:: What is required ::
For the data that follows, report how many lines include the string "your", and write the number alone.
======== Dataset records ========
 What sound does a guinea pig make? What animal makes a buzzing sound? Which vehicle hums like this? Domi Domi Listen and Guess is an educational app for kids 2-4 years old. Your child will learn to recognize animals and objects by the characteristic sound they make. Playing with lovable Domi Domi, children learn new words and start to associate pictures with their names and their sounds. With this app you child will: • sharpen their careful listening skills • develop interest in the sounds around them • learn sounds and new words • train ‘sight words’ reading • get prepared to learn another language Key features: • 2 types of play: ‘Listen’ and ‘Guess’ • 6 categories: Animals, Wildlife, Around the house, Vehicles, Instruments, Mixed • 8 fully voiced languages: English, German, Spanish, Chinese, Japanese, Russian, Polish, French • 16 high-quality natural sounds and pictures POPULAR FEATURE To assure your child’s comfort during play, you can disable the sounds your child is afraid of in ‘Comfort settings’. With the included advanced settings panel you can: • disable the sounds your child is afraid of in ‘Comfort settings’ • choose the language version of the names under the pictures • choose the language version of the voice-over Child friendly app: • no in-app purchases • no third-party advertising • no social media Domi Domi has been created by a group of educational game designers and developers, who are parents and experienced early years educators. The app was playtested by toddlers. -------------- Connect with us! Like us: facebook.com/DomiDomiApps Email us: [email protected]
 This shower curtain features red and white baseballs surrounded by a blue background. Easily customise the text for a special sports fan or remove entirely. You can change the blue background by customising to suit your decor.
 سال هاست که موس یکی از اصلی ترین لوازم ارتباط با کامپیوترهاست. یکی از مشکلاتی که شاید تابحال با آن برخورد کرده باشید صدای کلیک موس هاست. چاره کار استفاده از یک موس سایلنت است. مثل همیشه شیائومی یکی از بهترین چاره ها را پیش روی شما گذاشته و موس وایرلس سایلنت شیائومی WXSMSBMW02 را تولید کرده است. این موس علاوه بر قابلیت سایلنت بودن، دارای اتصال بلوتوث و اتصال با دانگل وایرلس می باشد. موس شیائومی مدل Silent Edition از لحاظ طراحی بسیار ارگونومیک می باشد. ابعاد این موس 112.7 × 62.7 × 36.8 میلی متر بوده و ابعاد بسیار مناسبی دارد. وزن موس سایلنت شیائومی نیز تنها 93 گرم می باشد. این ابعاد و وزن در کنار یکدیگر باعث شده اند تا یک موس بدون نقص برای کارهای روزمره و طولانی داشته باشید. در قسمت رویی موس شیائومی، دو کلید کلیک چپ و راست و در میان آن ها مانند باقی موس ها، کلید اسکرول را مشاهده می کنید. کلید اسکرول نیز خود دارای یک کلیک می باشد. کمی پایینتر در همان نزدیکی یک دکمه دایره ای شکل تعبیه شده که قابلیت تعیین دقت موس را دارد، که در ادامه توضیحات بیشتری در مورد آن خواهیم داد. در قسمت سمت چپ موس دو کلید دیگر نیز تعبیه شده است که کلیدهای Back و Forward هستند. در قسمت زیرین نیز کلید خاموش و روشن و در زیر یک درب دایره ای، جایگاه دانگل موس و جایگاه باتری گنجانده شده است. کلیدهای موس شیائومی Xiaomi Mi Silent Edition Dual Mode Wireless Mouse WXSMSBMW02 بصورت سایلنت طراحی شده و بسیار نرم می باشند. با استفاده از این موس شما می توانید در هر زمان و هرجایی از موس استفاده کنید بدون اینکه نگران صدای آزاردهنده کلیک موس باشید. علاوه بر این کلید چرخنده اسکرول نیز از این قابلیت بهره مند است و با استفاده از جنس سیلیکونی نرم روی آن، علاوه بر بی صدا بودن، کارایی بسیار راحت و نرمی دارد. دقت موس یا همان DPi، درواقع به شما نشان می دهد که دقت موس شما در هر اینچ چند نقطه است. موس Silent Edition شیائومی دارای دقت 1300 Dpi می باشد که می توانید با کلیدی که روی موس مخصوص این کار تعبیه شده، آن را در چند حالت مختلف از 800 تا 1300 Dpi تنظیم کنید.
========
======== Dataset records ========
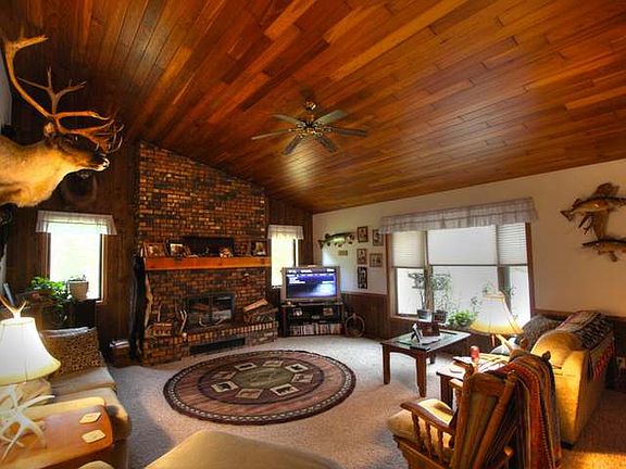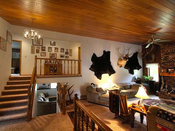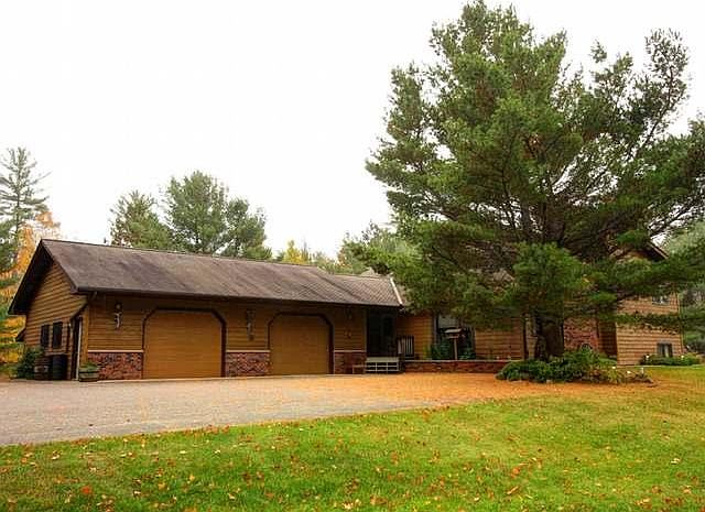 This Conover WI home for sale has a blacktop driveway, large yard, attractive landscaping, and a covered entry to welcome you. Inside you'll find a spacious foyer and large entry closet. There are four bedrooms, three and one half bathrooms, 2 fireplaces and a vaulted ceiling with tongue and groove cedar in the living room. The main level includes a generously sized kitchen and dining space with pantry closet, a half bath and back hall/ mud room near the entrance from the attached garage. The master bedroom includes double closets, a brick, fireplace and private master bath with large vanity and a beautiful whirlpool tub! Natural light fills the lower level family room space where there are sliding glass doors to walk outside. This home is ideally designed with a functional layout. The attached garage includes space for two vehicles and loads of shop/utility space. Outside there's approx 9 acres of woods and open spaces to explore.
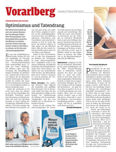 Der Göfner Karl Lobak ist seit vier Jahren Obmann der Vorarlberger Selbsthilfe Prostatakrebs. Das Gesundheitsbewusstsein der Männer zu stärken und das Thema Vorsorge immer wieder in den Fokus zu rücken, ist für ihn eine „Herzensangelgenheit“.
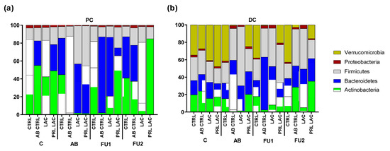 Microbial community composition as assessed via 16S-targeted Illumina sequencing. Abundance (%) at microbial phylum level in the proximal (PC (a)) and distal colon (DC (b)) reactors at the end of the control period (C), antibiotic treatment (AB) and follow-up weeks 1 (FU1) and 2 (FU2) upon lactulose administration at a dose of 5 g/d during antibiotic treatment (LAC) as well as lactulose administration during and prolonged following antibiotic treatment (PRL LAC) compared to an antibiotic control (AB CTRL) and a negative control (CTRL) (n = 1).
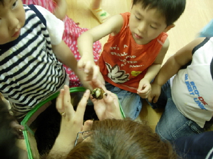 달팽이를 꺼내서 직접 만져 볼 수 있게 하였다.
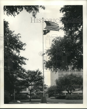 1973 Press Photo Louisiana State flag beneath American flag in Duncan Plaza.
========
:: Answer to this problem ::
2